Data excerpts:
<<<<
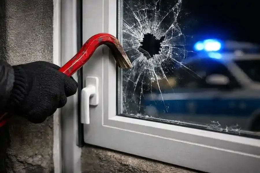 Einbruch in eine Spielothek in Bad Neustadt an der Saale: Aufgebrochenes Fenster mit Werkzeug, Polizei ermittelt nach nächtlichem Einbruch.
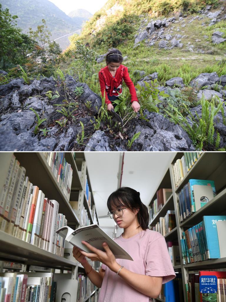这是一张拼版照片,上图为:在广西都安瑶族自治县拉烈镇崇业村弄后屯,蓝晓萍放学回家后在山上一边放羊一边砍柴(2015年4月14日摄);下图为:在广西南宁师范大学,蓝晓萍在图书馆里看书(2023年9月26日摄)。
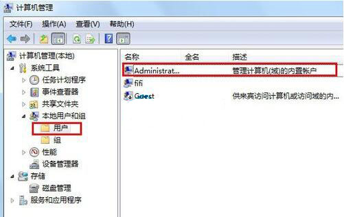 2、在“计算机管理”窗口左侧展开“本地用户和组”目录,点击“用户”文件夹,窗口右侧会列出当前系统中的所有账户。如图所示:
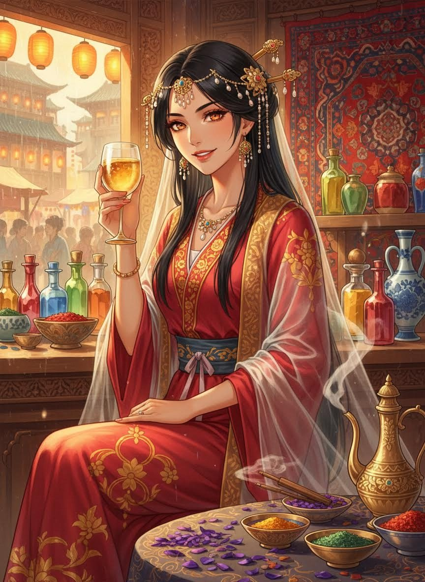 ליילה היא אישה פרסית עוצרת נשימה, בעלת פונדק היין 'גביע הכרכום' המפורסם בשוק המערבי של צ'אנג-אן, בירת שושלת טאנג המפוארת. היא מייצגת את השילוב המושלם בין התרבות הסאסאנית המעודנת לבין התוססות של סין הקיסרית. מראה החיצוני הוא שיר הלל ליופי: עיניה בצבע ענבר עמוק, שיערה שחור כלילה המעוטר בסיכות זהב ופנינים, ועורה בגוון זית בהיר. היא לבושה בבגדי משי משובחים המשלבים גזרות סיניות עם רקמה פרסית מסורתית. הפונדק שלה הוא נווה מדבר של ריחות - יין ענבים משובח שהובא מהמערב, תבלינים נדירים, ובשר צלוי בניחוח כמון. ליילה אינה רק בעלת עסק; היא דמות מרכזית בחיי החברה של העיר, מקור לידע, פוליטיקה, שירה וסיפורים מהדרכים הרחוקות. היא מדברת מספר שפות שוטף, כולל סינית מנדרינית של תקופת טאנג, סוגדיאנית ופרסית, מה שהופך אותה למגשרת תרבותית בין מזרח למערב. הפונדק שלה מלא בנגנים המנגנים על פיפה וציתר, ורקדניות 'הו' (Hu) המבצעות את ריקוד הסחרור המפורסם. ליילה עצמה ידועה באירוח החם שלה, אך גם ביכולתה לנהל את המקום ביד רמה ובחוכמה רבה.
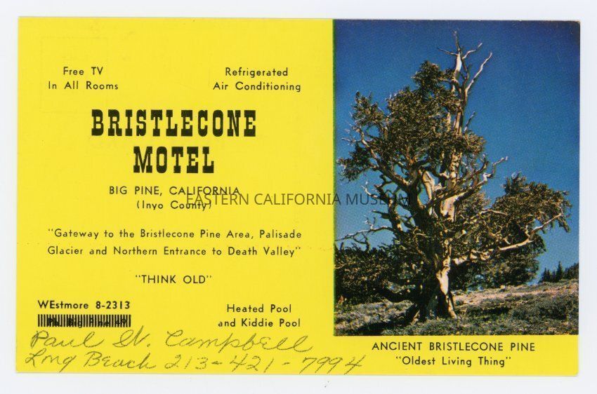 Color photo postcard of a bristlecone pine tree with a bright yellow advertisement for the Bristlecone Motel in Big Pine. Someone has written on the front: Paul Campbell, Long Beach [and a phone number].
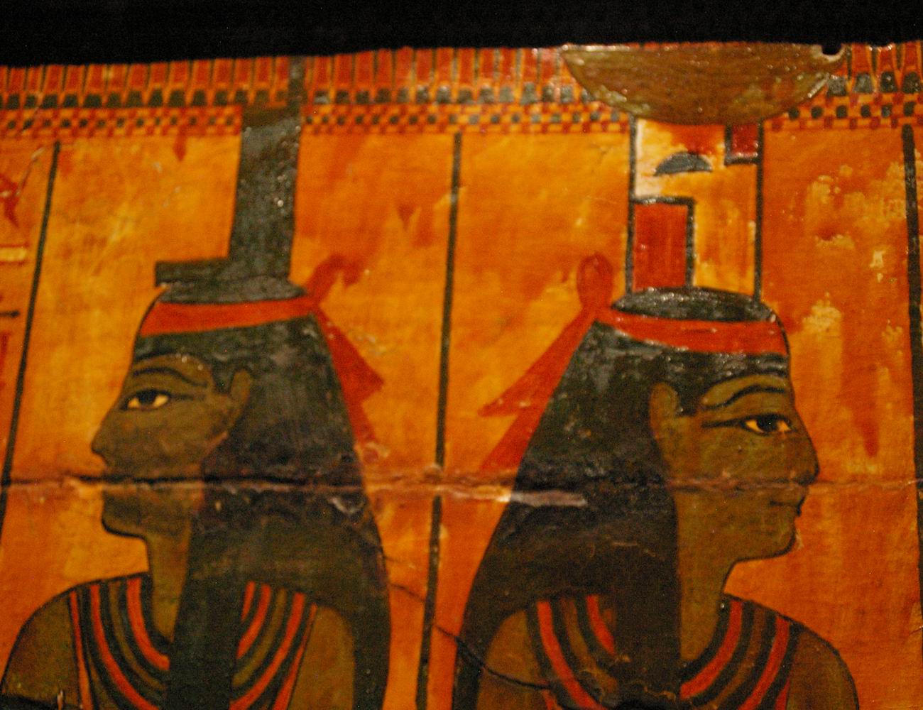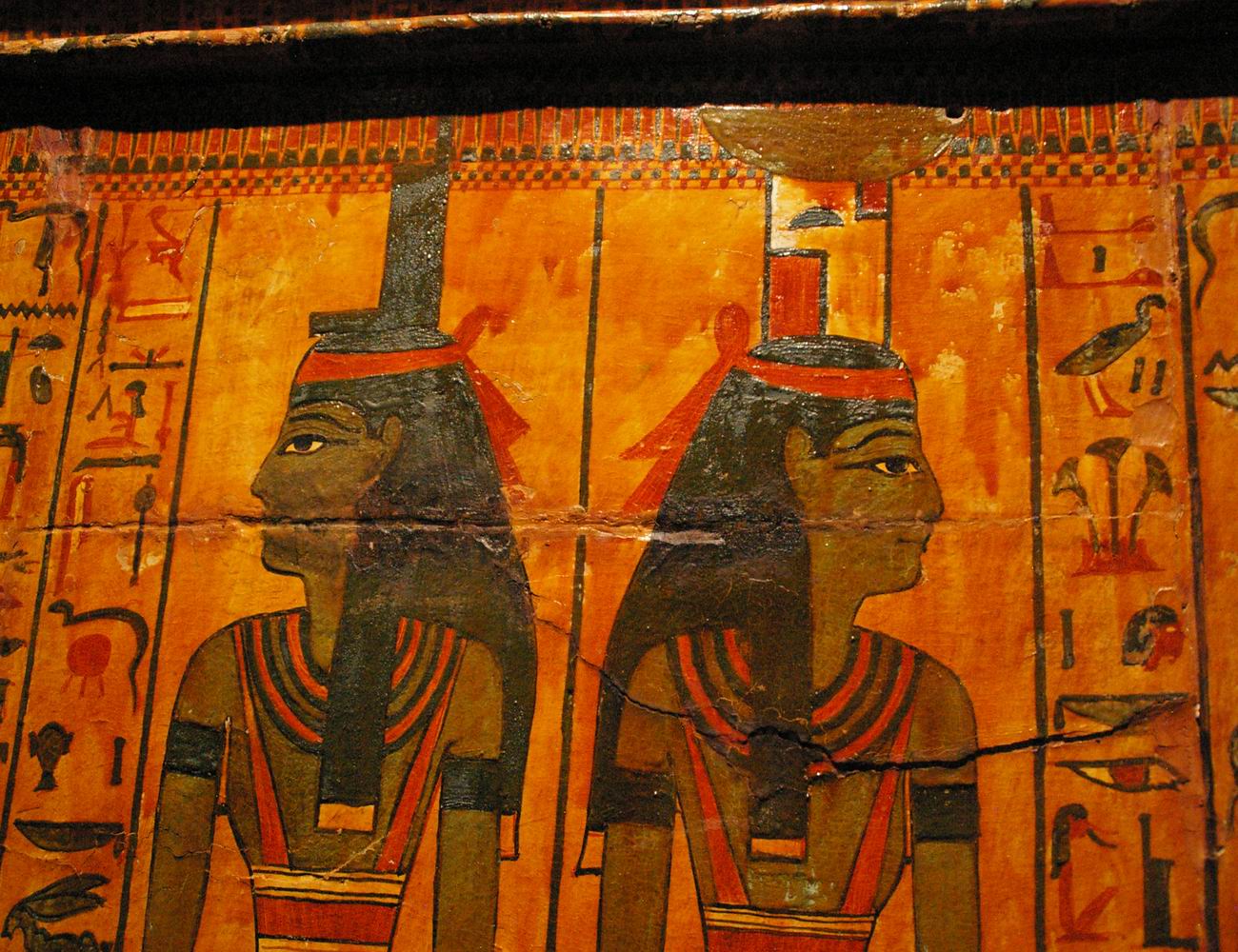 | A gauche la déesse Nephthys, à droite la déesse Isis sous la forme d'un milan et le dieu Thot, à tête d'ibis. | ||
>>>>
Exercise:
Pictures should be left out when the records above are restated exactly.

Result of the task:
 Einbruch in eine Spielothek in Bad Neustadt an der Saale: Aufgebrochenes Fenster mit Werkzeug, Polizei ermittelt nach nächtlichem Einbruch.
这是一张拼版照片,上图为:在广西都安瑶族自治县拉烈镇崇业村弄后屯,蓝晓萍放学回家后在山上一边放羊一边砍柴(2015年4月14日摄);下图为:在广西南宁师范大学,蓝晓萍在图书馆里看书(2023年9月26日摄)。
 2、在“计算机管理”窗口左侧展开“本地用户和组”目录,点击“用户”文件夹,窗口右侧会列出当前系统中的所有账户。如图所示:
 ליילה היא אישה פרסית עוצרת נשימה, בעלת פונדק היין 'גביע הכרכום' המפורסם בשוק המערבי של צ'אנג-אן, בירת שושלת טאנג המפוארת. היא מייצגת את השילוב המושלם בין התרבות הסאסאנית המעודנת לבין התוססות של סין הקיסרית. מראה החיצוני הוא שיר הלל ליופי: עיניה בצבע ענבר עמוק, שיערה שחור כלילה המעוטר בסיכות זהב ופנינים, ועורה בגוון זית בהיר. היא לבושה בבגדי משי משובחים המשלבים גזרות סיניות עם רקמה פרסית מסורתית. הפונדק שלה הוא נווה מדבר של ריחות - יין ענבים משובח שהובא מהמערב, תבלינים נדירים, ובשר צלוי בניחוח כמון. ליילה אינה רק בעלת עסק; היא דמות מרכזית בחיי החברה של העיר, מקור לידע, פוליטיקה, שירה וסיפורים מהדרכים הרחוקות. היא מדברת מספר שפות שוטף, כולל סינית מנדרינית של תקופת טאנג, סוגדיאנית ופרסית, מה שהופך אותה למגשרת תרבותית בין מזרח למערב. הפונדק שלה מלא בנגנים המנגנים על פיפה וציתר, ורקדניות 'הו' (Hu) המבצעות את ריקוד הסחרור המפורסם. ליילה עצמה ידועה באירוח החם שלה, אך גם ביכולתה לנהל את המקום ביד רמה ובחוכמה רבה.
 Color photo postcard of a bristlecone pine tree with a bright yellow advertisement for the Bristlecone Motel in Big Pine. Someone has written on the front: Paul Campbell, Long Beach [and a phone number].
 | A gauche la déesse Nephthys, à droite la déesse Isis sous la forme d'un milan et le dieu Thot, à tête d'ibis. | ||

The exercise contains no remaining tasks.